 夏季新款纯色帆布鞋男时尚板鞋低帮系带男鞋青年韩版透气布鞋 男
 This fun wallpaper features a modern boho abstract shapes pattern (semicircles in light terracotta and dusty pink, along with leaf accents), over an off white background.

※

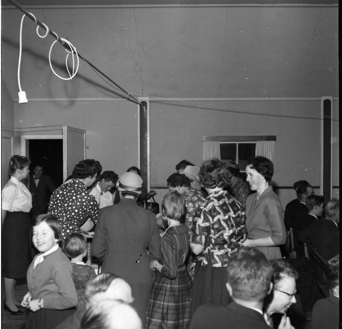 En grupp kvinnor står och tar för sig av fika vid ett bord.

※

§ Problem to work on
Going back to the entries above, set down exactly the lines that begin at the one with "夏季新款纯色帆布鞋男时尚板鞋低帮系带男鞋青年韩版透气布鞋 男" and end at the one with "This fun wallpaper", both included, and nothing else.

§ Task result
 夏季新款纯色帆布鞋男时尚板鞋低帮系带男鞋青年韩版透气布鞋 男
 This fun wallpaper features a modern boho abstract shapes pattern (semicircles in light terracotta and dusty pink, along with leaf accents), over an off white background.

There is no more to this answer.